> [Information shown]
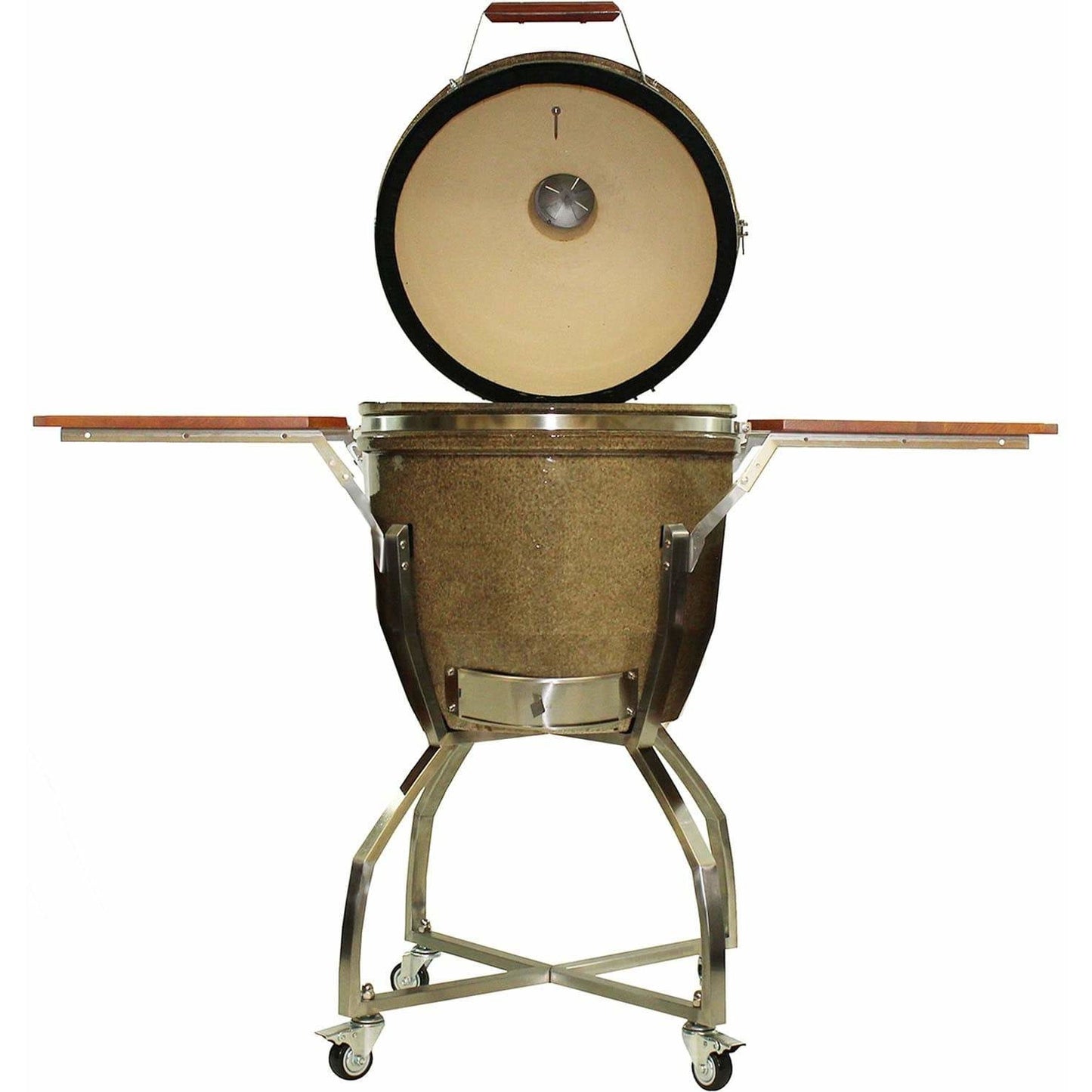- Bundle includes a 19 in. Kamado grill, stainless steel cart, red oak side shelves, and a grill cover
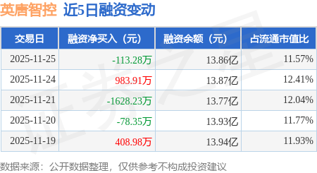 证券之星消息,11月25日,英唐智控(300131)融资买入1.93亿元,融资偿还1.94亿元,融资净卖出113.28万元,融资余额13.86亿元。
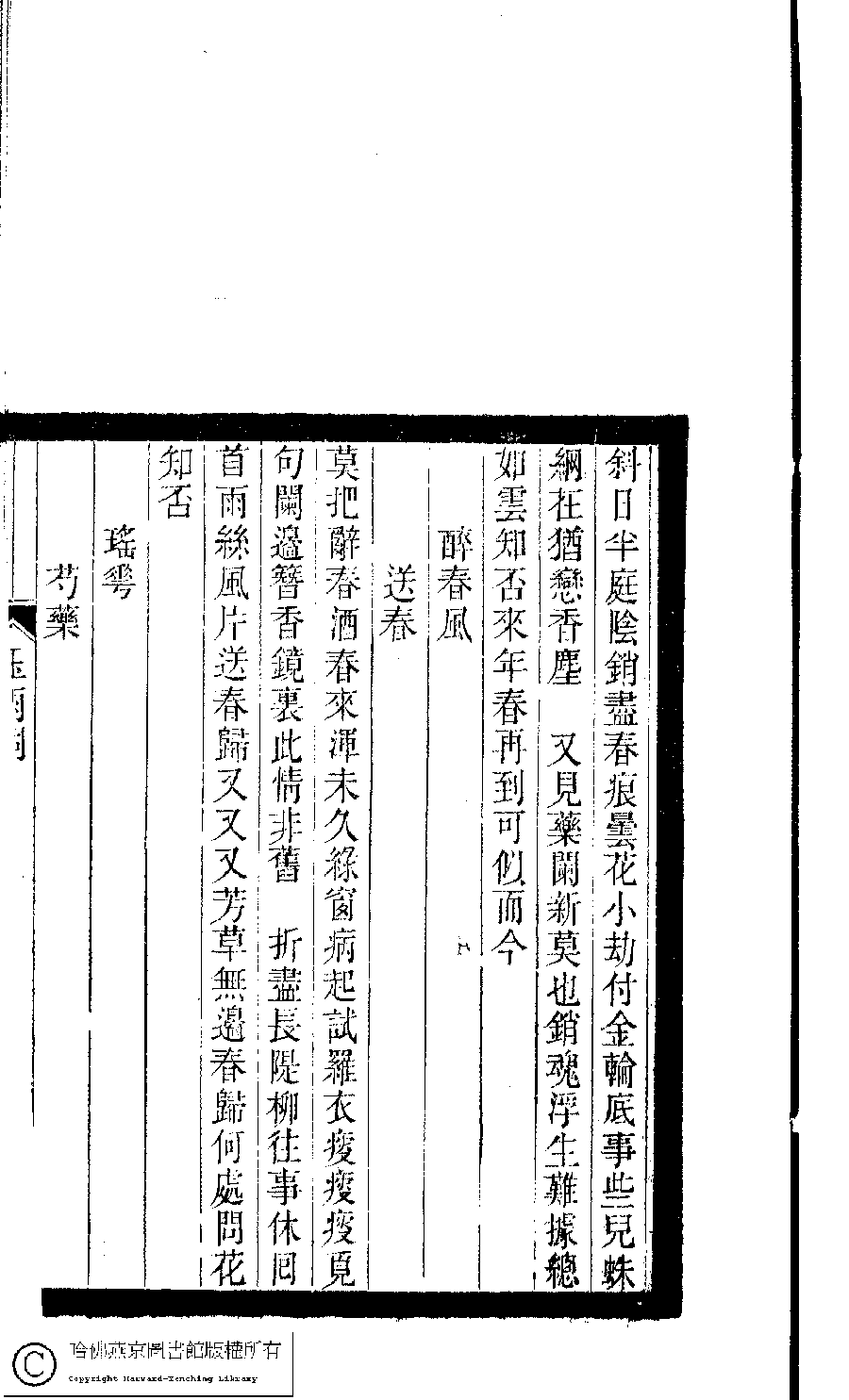 | 原書: 小檀欒室彙刻閨秀詞﹕十集一百種一百卷(清徐乃昌輯): 玉雨詞﹕一卷 |
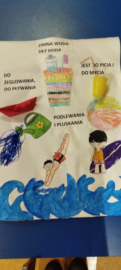 Dzieci z grupy Starszaki wykonały plakat " Zdrowa woda" w ramach cyklu zajęć " Daj nowa energię".

> [Task requirements]
Starting with the line that contains "证券之星消息,11月25日,英唐智控(3" and ending with the last line of the data above, transcribe exactly those lines and no others, without pictures.

> [Answer for the task]
 证券之星消息,11月25日,英唐智控(300131)融资买入1.93亿元,融资偿还1.94亿元,融资净卖出113.28万元,融资余额13.86亿元。
 | 原書: 小檀欒室彙刻閨秀詞﹕十集一百種一百卷(清徐乃昌輯): 玉雨詞﹕一卷 |
 Dzieci z grupy Starszaki wykonały plakat " Zdrowa woda" w ramach cyklu zajęć " Daj nowa energię".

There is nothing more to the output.